ViViD·Lab

Vision and Video Dynamics Lab · Research

A single research agenda at increasing levels of abstraction.

Our research follows one progression — from pixel-level motion at the bottom, to world-scale simulation at the top. Each pillar builds on the one below it. The unifying object of study, across all four, is temporal dynamics — how the visual world changes over time.

Visual showcase

A scroll-through tour of the four pillars, with live demos.

Pillar 01

Video Processing

Low-level video enhancement

We make video look better at the pixel level. By exploiting temporal structure across frames, we synthesize smoother motion, restore detail beyond a single frame's limits, stabilize shaky perspective, and minimize quality loss under bandwidth constraints. Each task reduces to one core problem — modeling motion and correspondence between frames precisely enough to act on it.

Topics

  • Video Frame Interpolation
  • Video Compression
  • Video Stabilization
  • Video Super-Resolution & Enhancement
  • Motion Estimation & Compensation

Representative Work

  • AdaCoF: Adaptive Collaboration of Flows for Video Frame Interpolation
    CVPR 2020
  • Exploring Discontinuity for Video Frame Interpolation
    CVPR 2023 Highlight · Top 10%

Connecting threadAll tasks reduce to precise modeling of inter-frame motion and correspondence.

Pillar 02

Video Understanding

Temporal semantics & representation learning

We extract semantic meaning from temporal visual data — understanding what changes in a video and why. From action recognition to large-scale video foundation models, we study representations that capture meaningful temporal structure rather than treating video as a sequence of independent images.

Topics

  • Video Foundation Models
  • Action Recognition
  • Video Retrieval & Question Answering
  • Temporal Representation Learning
  • Video–Language Alignment

Representative Work

  • Learning Temporally Invariant and Localizable Features via Data Augmentation for Video Recognition
    ECCVW 2020 Oral
  • TWLV-I: Analysis and Insights from Holistic Evaluation on Video Foundation Models
    Twelve Labs Technical Report, 2024

Connecting threadTemporal semantics is the bridge from pixels to meaning — understanding what changes, and why.

Pillar 03

3D / 4D Vision

3D scene reconstruction & rendering

We reconstruct 3D scenes from 2D observations and render them from new viewpoints. Neural representations — radiance fields, Gaussian splatting — capture geometry and appearance with high fidelity. From this foundation, we extend naturally into 4D, modeling how scenes evolve over time.

Topics

  • 3D Scene Reconstruction
  • Neural Radiance Fields (NeRF)
  • 3D & 4D Gaussian Splatting
  • Novel View Synthesis
  • Dynamic Scene Reconstruction

Representative Work

  • Temporal Smoothness-Aware Rate-Distortion Optimized 4D Gaussian Splatting
    NeurIPS 2025

Connecting threadRecovering 3D structure from 2D observations — naturally extending into time when scenes move.

Pillar 04

World Models

Generative simulation of the visual world

We build generative systems for the visual world — from single-image synthesis with diffusion, through action-conditioned and physics-aware video generation, and into world foundation models that let robots and embodied agents anticipate the consequences of their actions.
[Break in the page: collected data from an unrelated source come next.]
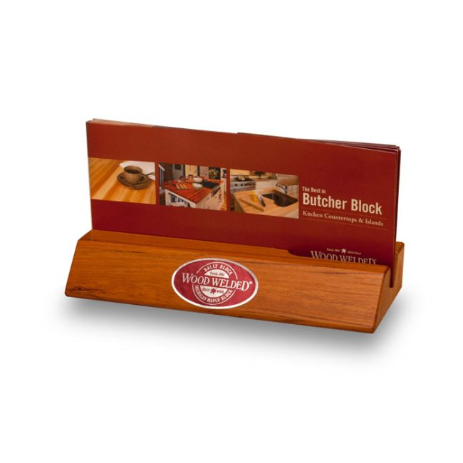The “Take With” brochures are a quick-reference guide for residential butcher block countertops and islands in a compact, 4″ x 9″, standard rack card size. The handsome display unit is machined of butcher block and accommodates approximately ten brochures for convenient display. Compact and perfect for placement on a showroom top. Details Brochures: 4″ x 9″ horizontal…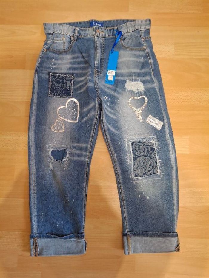 Superbe Jean court pantacourt neuf encore étiqueté Taille XL original avec des empiècements brodés, des strass, des flocages argentés etc...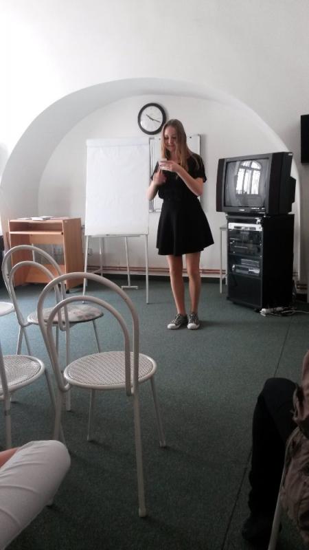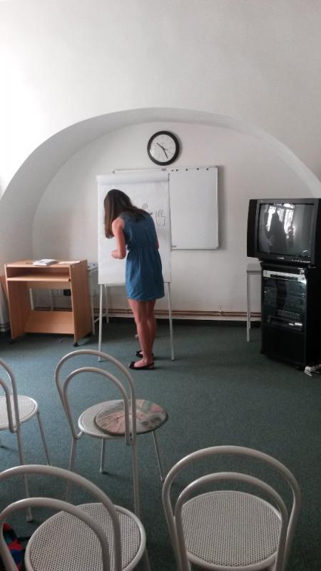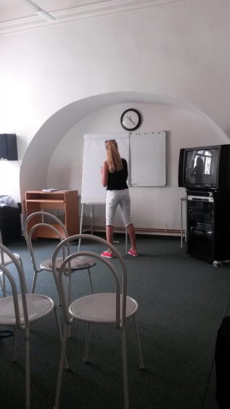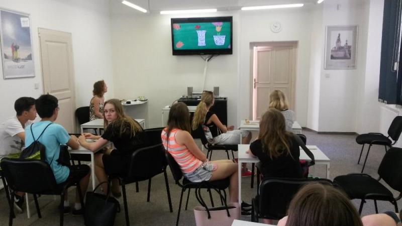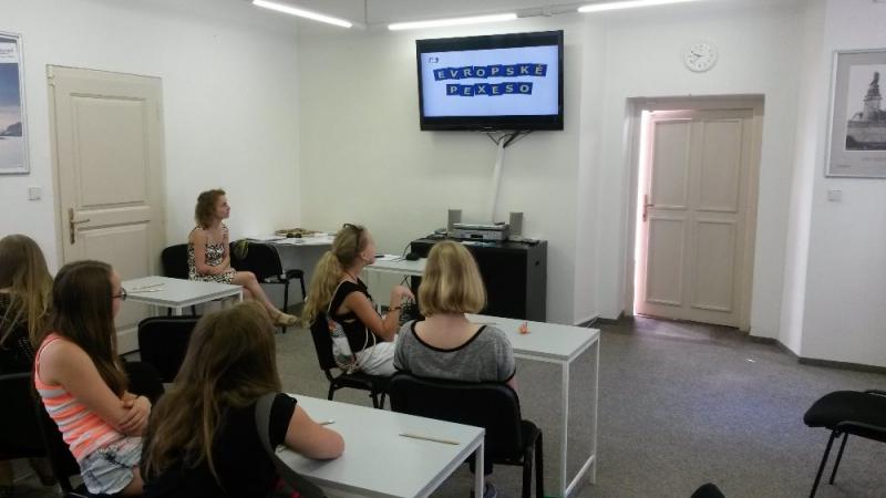 Na nádvoří Evropského domu jsme byli rozděleni na 3 skupiny, protože aktivity se odehrávaly na třech stanovištích. Na prvním stanovišti si děti zahrály “Activity“ se slovy, které charakterizují země Beneluxu. Slovně, pantomimicky nebo kresbou měly znázornit slova např. kolo, král, vinice, slunečnice, hrad apod. Byla to velká zábava, protože přiblížit členům své skupiny některé slovo bylo docela obtížné. Výherní skupinka byla odměněna a šlo se dál.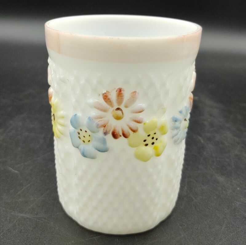 Antique Milk Glass Cosmos Daisy Floral Lattice Drinking Cup Tumbler AS IS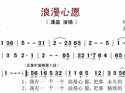 - [歌谱] 浪漫心愿 谭晶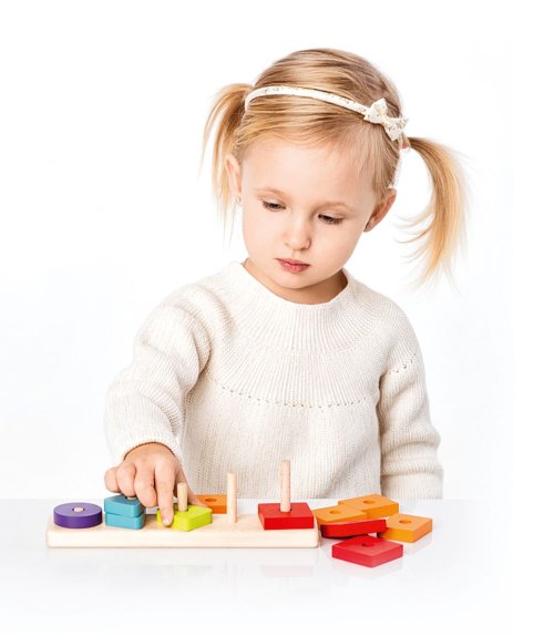 CUBIKA je nová značka drevených hračiek vyrobených iba z ekologicky pestovaného dreva s veľmi precíznym opracovaním a ľúbivým dizajnom. Triedime tvary VI je drevená skladačka s 15 farebnými perforovanými geometrickými tvarmi, ktoré sa umiestňujú na štvorcovú základňu. Jednotlivé tvary majú aj svoje opakujúce sa farby, ktoré sa deti touto hrou tiež učia rozlišovať. Sortiment hračiek značky CUBIKA pomáha deťom rozvíjať predovšetkým senzomotorické schopnosti a zručnosti, logické myslenie, kreativitu, predstavivosť a rôzne poznávacie znalosti. Hračky sú vyrobené z najkvalitnejšieho javora a buku a na farbenie sa používajú tiež vysoko kvalitné farby na vodnej báze, ktoré sú úplne bezpečné pre deti a nemajú žiadny zápach. Všetky výrobky tejto značky majú nemecký certifikát TÜV a sú vyrobené podľa európskej normy pre bezpečnosť hračiek EN 71. Nevhodné pre deti do 18 mesiacov. Vyrobené v Európe.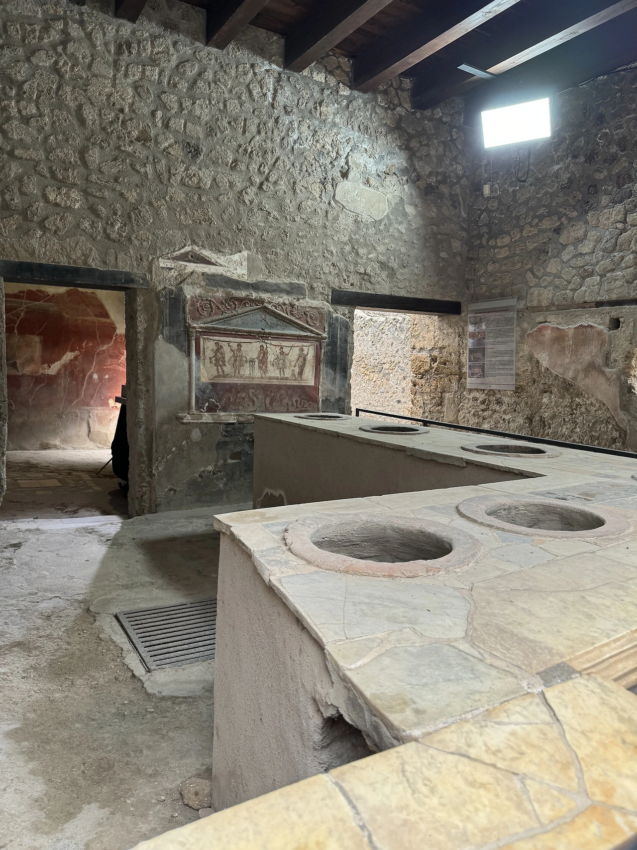 식당이 이렇게나 잘 보존되어 있다니. 희미한 기억을 더듬어 보자면 이곳이 발견되었던 당시에 동전을 넣은 단지가 어딘가 구석에서 발견되었는데, 주인이 도망가면서 단지를 숨긴 것으로 보인다고 했다. 돈을 그렇게 열심히 숨겨놓고 결국 찾지도 못했으니 분해서 어쩌나. 사실 목숨만 건졌어도 다행이었을 테지.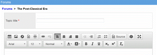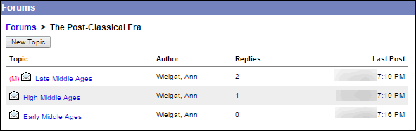 A forum can have multiple topics to help direct the conversation. For example, during a world history unit, you could have a forum titled "The Post-Classical Era", with three topics that span the entire unit: Early Middle Ages, High Middle Ages, and Late Middle Ages. For each topic, users can either reply to another user's post or create a new post.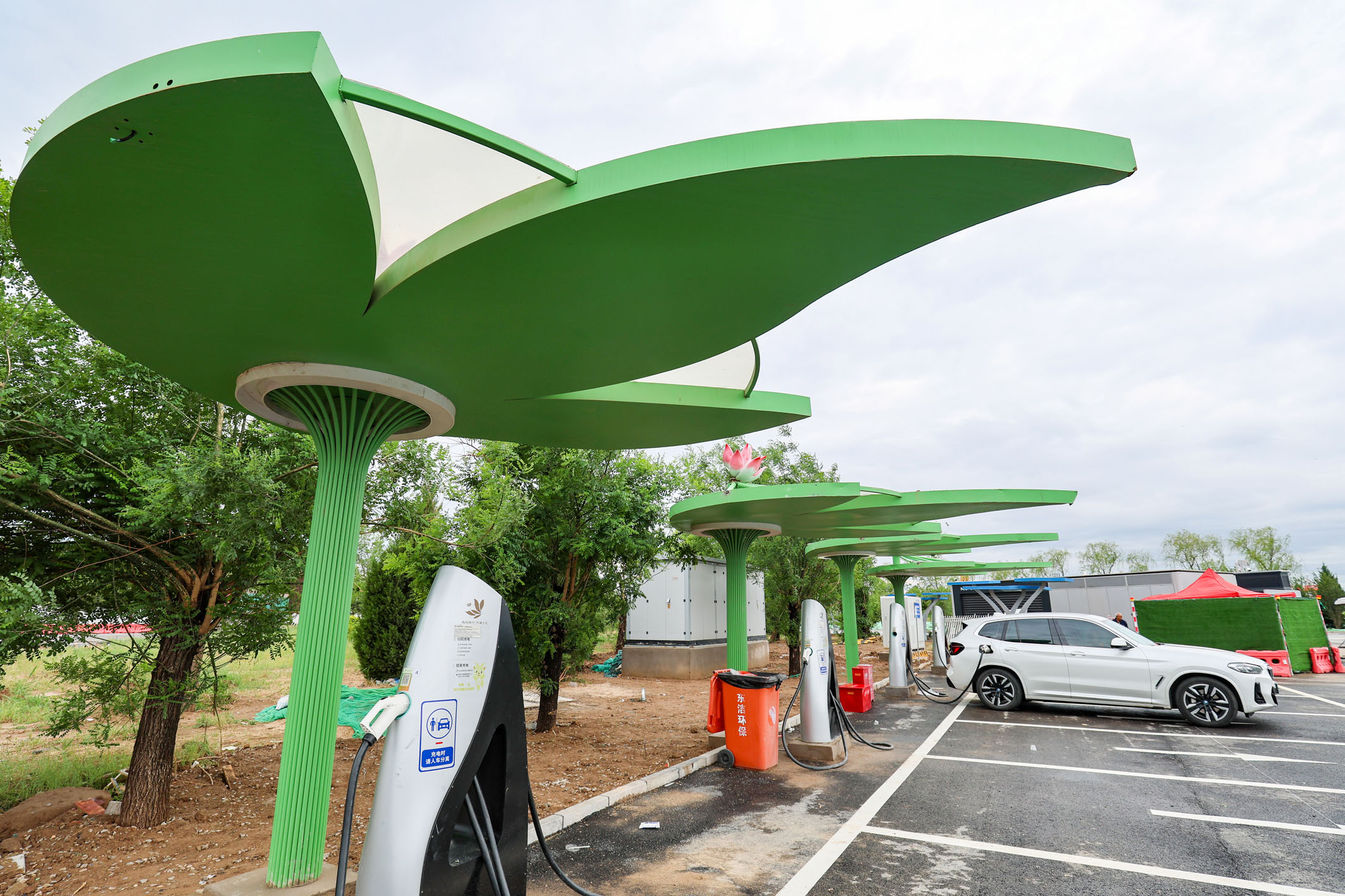 图为新能源车辆在京港澳高速河北段石家庄东服务区的充电区域充电。(资料照片)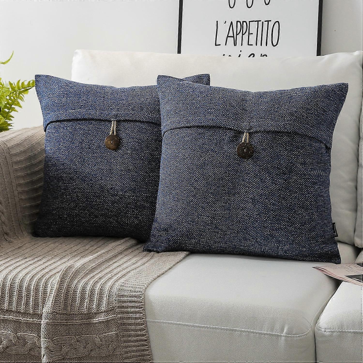Holiday Deal Selection Phantoscope Single Button Cotton Blend Decorative Throw Pillow Cover, 22" x 22", Navy, 2 Pack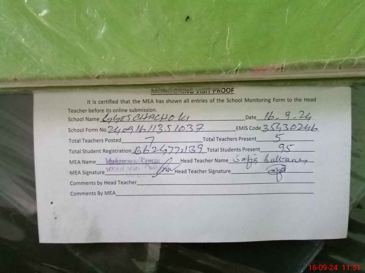 | Attendance Register | Head Teacher | MEA with School | Visit Proof |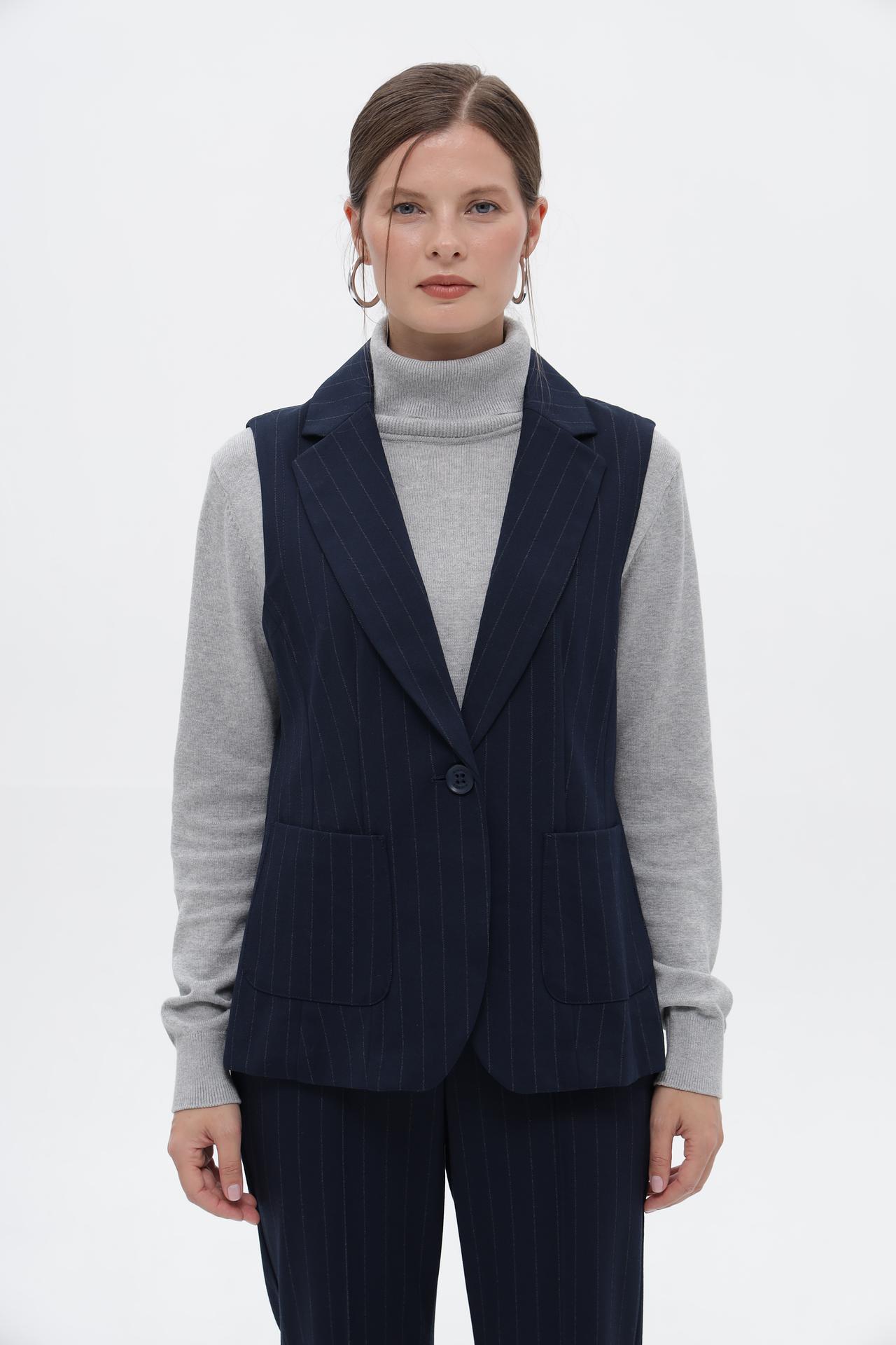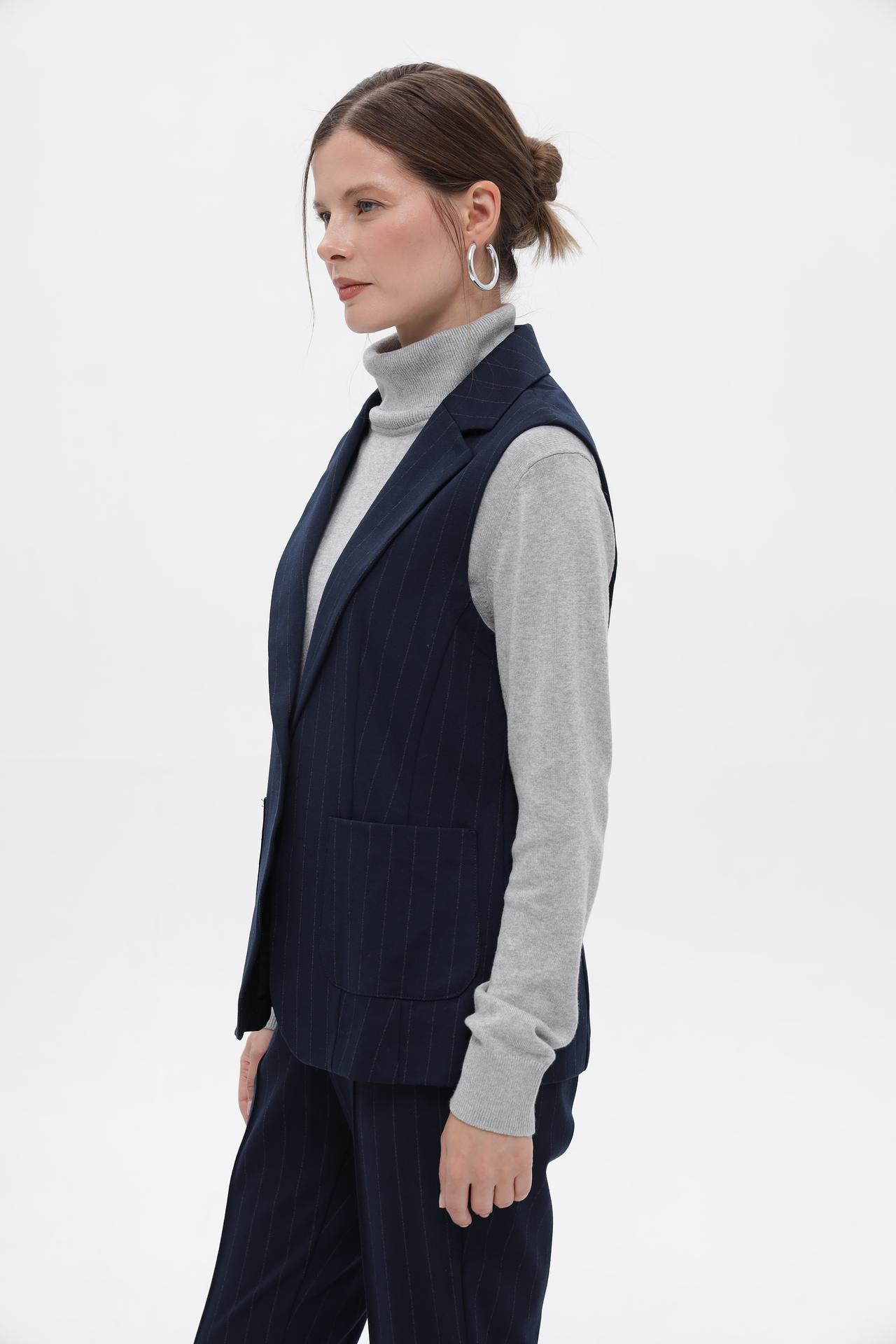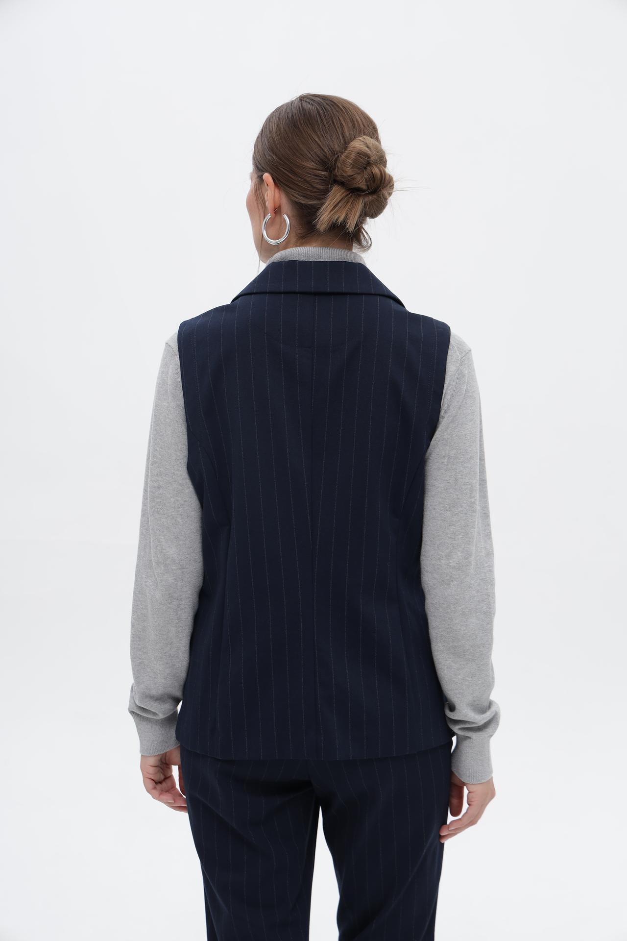 Элегантный жилет Bianca — идеальное дополнение к вашему деловому и повседневному гардеробу. Классический темно-синий цвет в сочетании с деликатной вертикальной полоской создает строгий, но утонченный образ. Этот жилет прекрасно подчеркнет вашу индивидуальность и добавит изысканности любому наряду.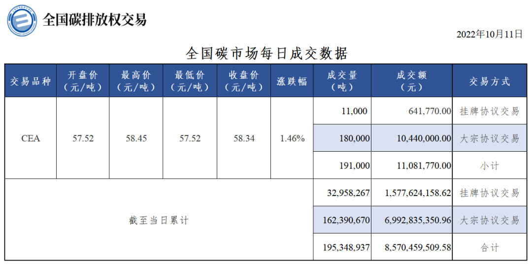 10月11日全国碳市场收盘价58.34元/吨 较前一日上涨1.46%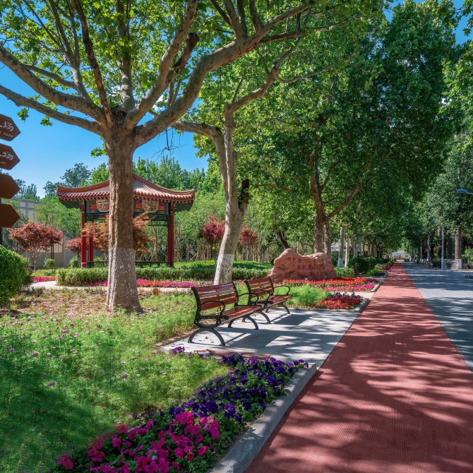 改造之后的二宮公園綠化面積約9.5萬平方米,新增近百種植物,景觀設計強化公園屬性,結合低碳理念,最大限度拓展生態空間,以促進碳吸收增加碳匯作用,通過城市綠地降低熱島效應。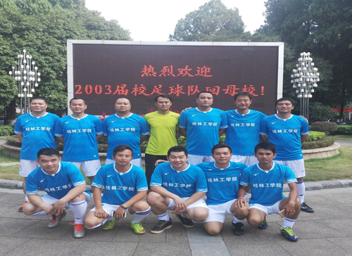 10月22日,周末的校园迎来了一批特殊的校友。他们中有管理精英、民企老总还有科技先锋,但是他们都有一个共同的身份——学校足球队老队员。13年前,他们怀着共同的爱好和梦想相识于绿茵场,通过刻苦训练,团结拼搏,取得了广西大运会足球比赛冠军等诸多佳绩,谱写了学校足球运动发展的辉煌篇章。13年后,10多名队员和教练员再次相聚在母校,共叙绿茵情、同学情、母校情。 10月22日下午四点,2003届校队和现在的校队足球友谊赛在屏风校区足球场举行。2003届校队的队员们风采依旧,排兵布阵、接球、传球有板有眼、尽显风采。双方秉持友谊第一的原则,在球场上激烈拼搏,交流互动,最终以2:2的比分握手言和,圆满完成了比赛。 校友们还参观了体育教学部荣誉室。他们仔细聆听昔日教练介绍学校体育工作这十几年发展历程,特别关注校足球队获得了2014-2015特步杯-中国大学生校园足球联赛广西赛区冠军,并代表广西参加全国分区赛。校友们纷纷表示完成了他们没有完成的心愿,冲出广西走向全国!校友们又驻足在他们那届大运会冠军奖杯前,大家共同回忆了美好的大学生活,同时为母校的发展变化倍感振奋和自豪。

Across these directions, the aim is the same: visual intelligence — perception, prediction, and simulation — for systems that act in the world.

Topics

  • World Foundation Models
  • Action-Conditioned Video Generation
  • Latent Action Models
  • Physics-Aware Generation
  • Foundation Models for Embodied AI
  • Image/Video Generation

Current Direction

An active research direction, building on recent advances in action-conditioned video diffusion and latent action pretraining. Publications expected as the lab matures.

Connecting threadGeneration, prediction, and action-conditioning share one foundation — and one purpose: equipping agents to anticipate the visual consequences of action.